Please output the listing that follows exactly, but keep all images out.

[Opening RECORDS PROVIDED section]

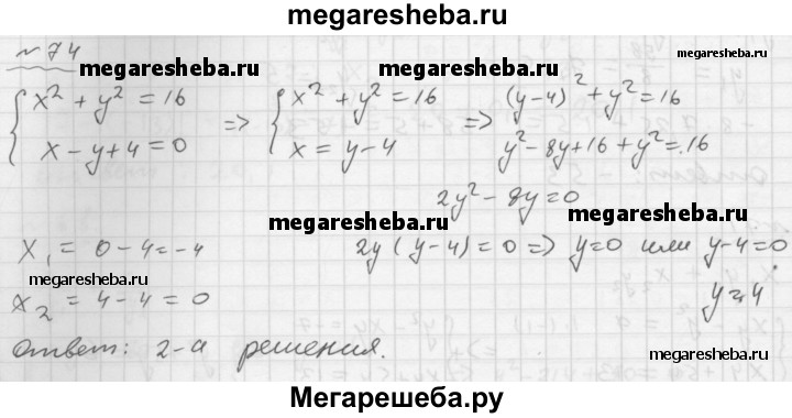 Подробный решебник (ГДЗ) по Алгебре за 9 (девятый) класс Учебник, Задачник - готовый ответ итоговое повторение уравнения и системы уравнений - 74. Авторы учебника: Мордкович, Семенов, Базовый уровень. Издательство: Мнемозина 2015-2019.
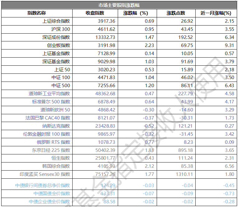 昨日,滬深兩市雙雙收漲。截止收盤,上證綜指收于3917.36點,漲26.92點,漲幅為0.69%;深成指收于13332.73點,漲192.52點,漲幅為1.47%;滬深300收于4611.62點,漲43.45點,漲幅為0.95%;創(chuàng)業(yè)板收于3191.98點,漲69.75點,漲幅為2.23%。兩市成交18619.40億元,較前一日成交額增加7.88%。小盤股強于大盤股。中證100上漲1.04%,中證500上漲1.20%。
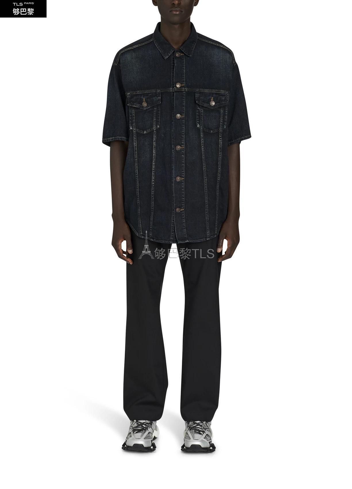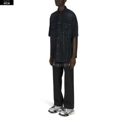 【包郵包稅】BALENCIAGA巴黎世家21年春夏男士夾克輕便日本牛仔襯衫BAL3WD42BLU預定商品1-3周發貨
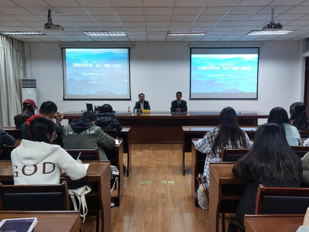 邀请,江苏钟山宾馆集团党委委员、副总经理胡俊在我校仙林校区德济楼408会议室作了题为“文旅融合新天地,且以‘破题’共远方”的讲座。讲座由91传媒
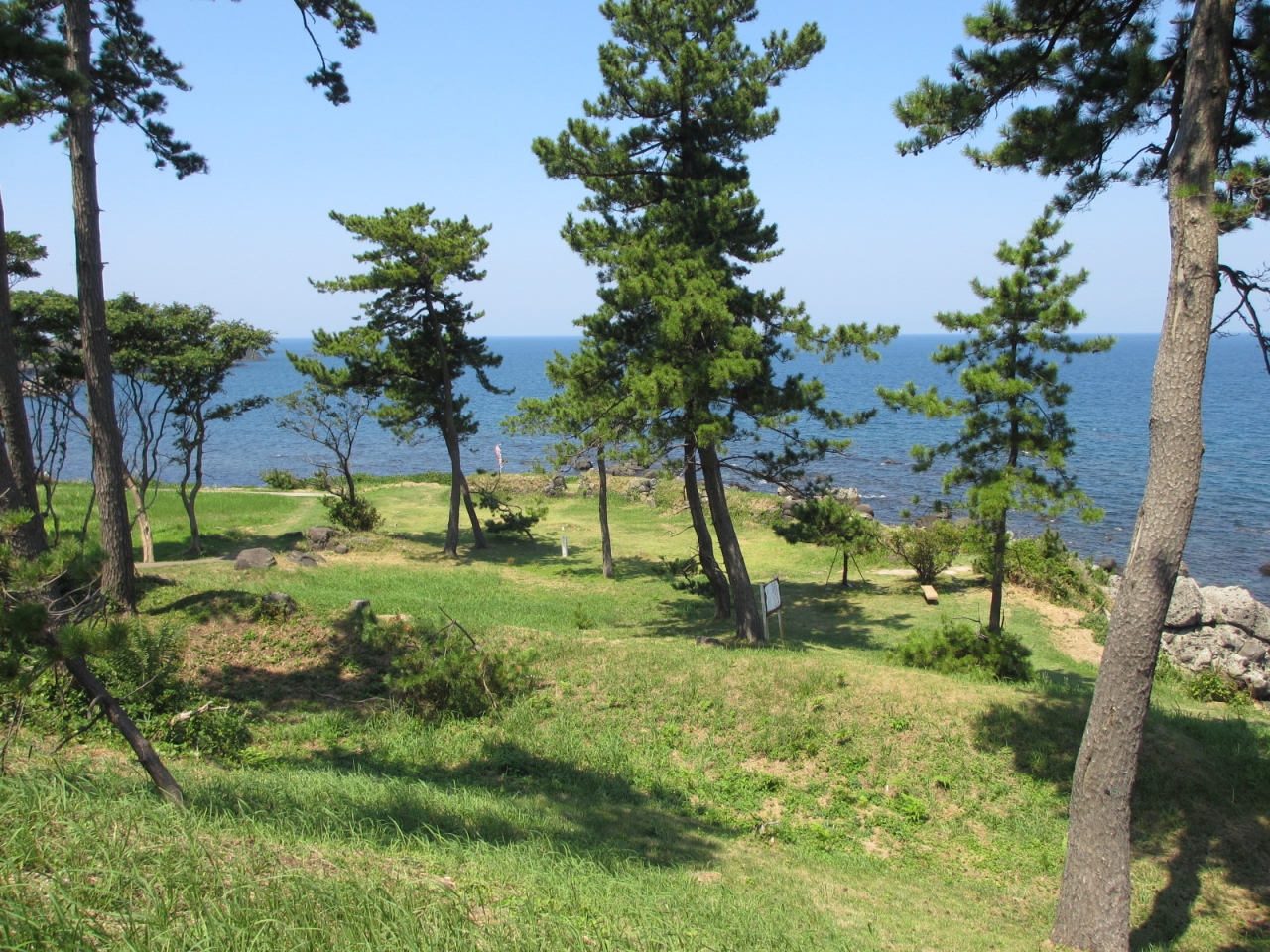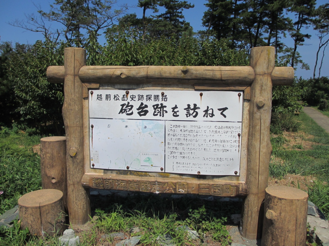 丸岡藩砲台は1852年沿岸を警備するため丸岡藩によって建設された。海上へ突き出した海岸線上に弓状に築かれた高さ1.8mの土塁には5個の砲眼が4.5メートル間隔で設けられている。原形をこれだけ良く留める砲台跡は全国的にも貴重であり、丸岡藩砲台跡は東京の品川台場などと共に国指定史跡となっている。
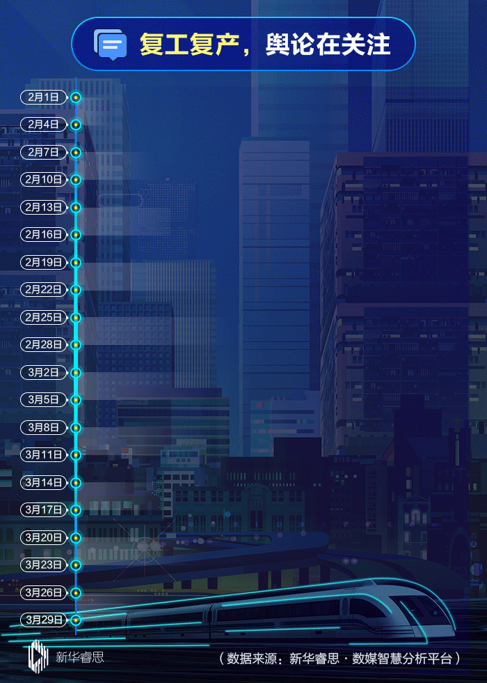 新華睿思以“復(fù)工復(fù)產(chǎn)”為關(guān)鍵詞,對疫情發(fā)生以來習(xí)近平總書記相關(guān)重要論述和網(wǎng)民關(guān)注度、留言討論等進(jìn)行了持續(xù)追蹤統(tǒng)計(jì)。大量數(shù)據(jù)顯示,習(xí)近平反復(fù)強(qiáng)調(diào)的復(fù)工復(fù)產(chǎn),也是網(wǎng)民的熱切關(guān)注所在。在疫情防控常態(tài)化條件下加快恢復(fù)正常生產(chǎn)生活秩序,把疫情造成的損失降到最低,這是習(xí)近平傾心關(guān)注的重點(diǎn),也是廣大網(wǎng)民共同的心聲。
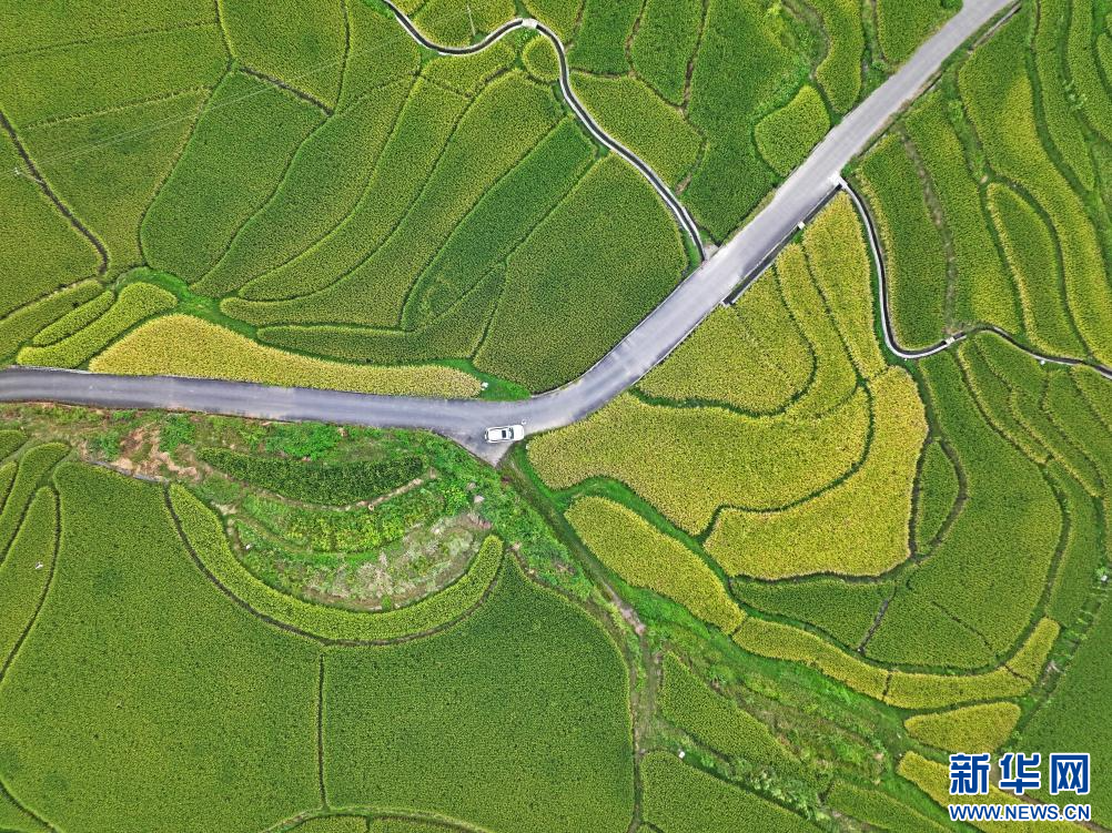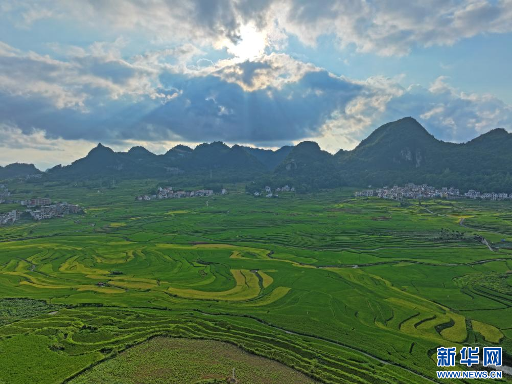 時下正是廣西河池市南丹縣芒場鎮巴平村水稻灌漿期,豐收在望的田園色彩斑斕,美不勝收。
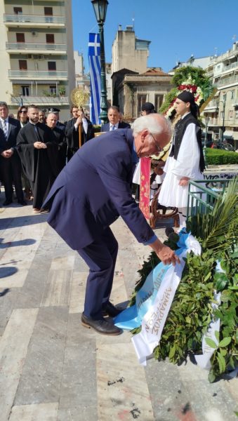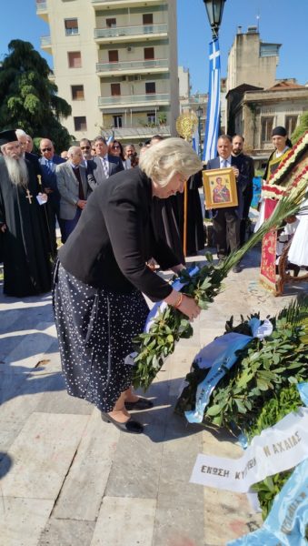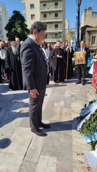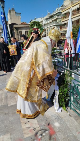 Μετά την Θεία Λειτουργία σχηματίστηκε λιτανευτική πομπή με την εικόνα του Αγίου Εθνοιερομάρτυρος Γρηγορίου του Ε’, η οποία κατέληξε ενώπιον της προτομής του Αγίου Γρηγορίου του Ε’, όπου ανεπέμφη δέησις, κατετέθησαν στέφανοι και εψάλη ο Εθνικός Ύμνος.
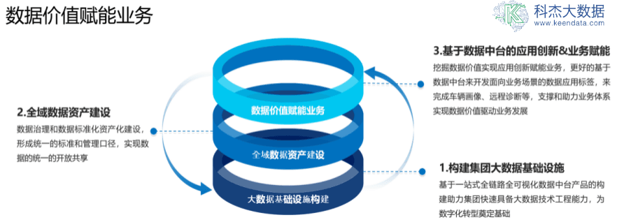 据悉,科杰数据中台的打造分为三个步骤:第一阶段构建大数据基础设施;第二阶段建设全域数据资产;第三阶段基于数据中台的应用创新和业务赋能。数据中台的打造,可以有效的加速业务闭环生态体系建设,构建可高度共享、开放、复用、持续、统一的数据动态闭环生态体系。
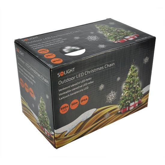 Solight LED vánoční řetěz, 500 LED, 50m, přívod 5m, IP44, bílá
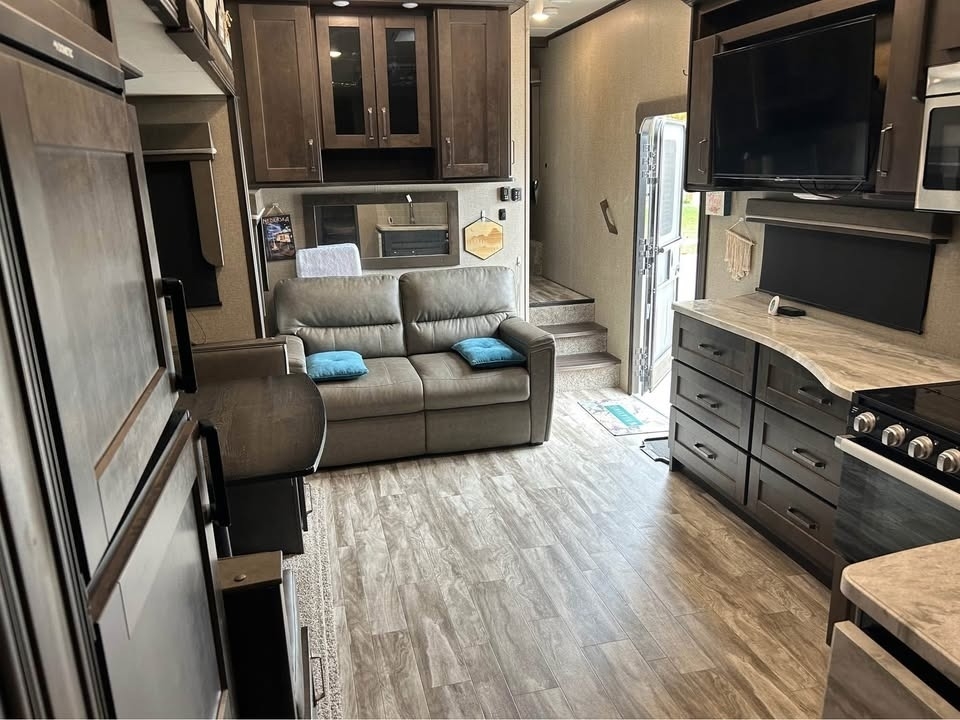 This 2021 Grand Design Reflection 278BH fifth wheel is in like-new condition and includes a premium Andersen hitch. Measuring 33 feet long and half-ton towable, it offers a family-friendly layout with oversized bunks, a private master suite, and a spacious living area with theater seating and panoramic windows. The kitchen features solid surface countertops, stainless sink, large fridge, oven, and microwave. Enjoy year-round comfort with ducted A/C and furnace, plus an outdoor kitchen, LED awning, and ample storage. Upgrades include a Blackstone griddle and two additional TVs. Located in La Vista, NE 68138 For more information, please call 833-265-6113 and mention ID 86106
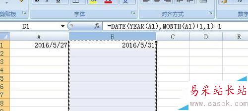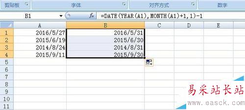 4、那么在excel的B單元格中輸入,=DATE(YEAR(A1),MONTH(A1)+1,1)-1,這就是獲取下一個(gè)月的一號(hào),然后減去1,計(jì)算出上一個(gè)月的最后一天

[Closing RECORDS PROVIDED section]

SOLUTION TO THIS TASK:
 Подробный решебник (ГДЗ) по Алгебре за 9 (девятый) класс Учебник, Задачник - готовый ответ итоговое повторение уравнения и системы уравнений - 74. Авторы учебника: Мордкович, Семенов, Базовый уровень. Издательство: Мнемозина 2015-2019.
 昨日,滬深兩市雙雙收漲。截止收盤,上證綜指收于3917.36點,漲26.92點,漲幅為0.69%;深成指收于13332.73點,漲192.52點,漲幅為1.47%;滬深300收于4611.62點,漲43.45點,漲幅為0.95%;創(chuàng)業(yè)板收于3191.98點,漲69.75點,漲幅為2.23%。兩市成交18619.40億元,較前一日成交額增加7.88%。小盤股強于大盤股。中證100上漲1.04%,中證500上漲1.20%。
 【包郵包稅】BALENCIAGA巴黎世家21年春夏男士夾克輕便日本牛仔襯衫BAL3WD42BLU預定商品1-3周發貨
 邀请,江苏钟山宾馆集团党委委员、副总经理胡俊在我校仙林校区德济楼408会议室作了题为“文旅融合新天地,且以‘破题’共远方”的讲座。讲座由91传媒
 丸岡藩砲台は1852年沿岸を警備するため丸岡藩によって建設された。海上へ突き出した海岸線上に弓状に築かれた高さ1.8mの土塁には5個の砲眼が4.5メートル間隔で設けられている。原形をこれだけ良く留める砲台跡は全国的にも貴重であり、丸岡藩砲台跡は東京の品川台場などと共に国指定史跡となっている。
 新華睿思以“復(fù)工復(fù)產(chǎn)”為關(guān)鍵詞,對疫情發(fā)生以來習(xí)近平總書記相關(guān)重要論述和網(wǎng)民關(guān)注度、留言討論等進(jìn)行了持續(xù)追蹤統(tǒng)計(jì)。大量數(shù)據(jù)顯示,習(xí)近平反復(fù)強(qiáng)調(diào)的復(fù)工復(fù)產(chǎn),也是網(wǎng)民的熱切關(guān)注所在。在疫情防控常態(tài)化條件下加快恢復(fù)正常生產(chǎn)生活秩序,把疫情造成的損失降到最低,這是習(xí)近平傾心關(guān)注的重點(diǎn),也是廣大網(wǎng)民共同的心聲。
 時下正是廣西河池市南丹縣芒場鎮巴平村水稻灌漿期,豐收在望的田園色彩斑斕,美不勝收。
 Μετά την Θεία Λειτουργία σχηματίστηκε λιτανευτική πομπή με την εικόνα του Αγίου Εθνοιερομάρτυρος Γρηγορίου του Ε’, η οποία κατέληξε ενώπιον της προτομής του Αγίου Γρηγορίου του Ε’, όπου ανεπέμφη δέησις, κατετέθησαν στέφανοι και εψάλη ο Εθνικός Ύμνος.
 据悉,科杰数据中台的打造分为三个步骤:第一阶段构建大数据基础设施;第二阶段建设全域数据资产;第三阶段基于数据中台的应用创新和业务赋能。数据中台的打造,可以有效的加速业务闭环生态体系建设,构建可高度共享、开放、复用、持续、统一的数据动态闭环生态体系。
 Solight LED vánoční řetěz, 500 LED, 50m, přívod 5m, IP44, bílá
 This 2021 Grand Design Reflection 278BH fifth wheel is in like-new condition and includes a premium Andersen hitch. Measuring 33 feet long and half-ton towable, it offers a family-friendly layout with oversized bunks, a private master suite, and a spacious living area with theater seating and panoramic windows. The kitchen features solid surface countertops, stainless sink, large fridge, oven, and microwave. Enjoy year-round comfort with ducted A/C and furnace, plus an outdoor kitchen, LED awning, and ample storage. Upgrades include a Blackstone griddle and two additional TVs. Located in La Vista, NE 68138 For more information, please call 833-265-6113 and mention ID 86106
 4、那么在excel的B單元格中輸入,=DATE(YEAR(A1),MONTH(A1)+1,1)-1,這就是獲取下一個(gè)月的一號(hào),然后減去1,計(jì)算出上一個(gè)月的最后一天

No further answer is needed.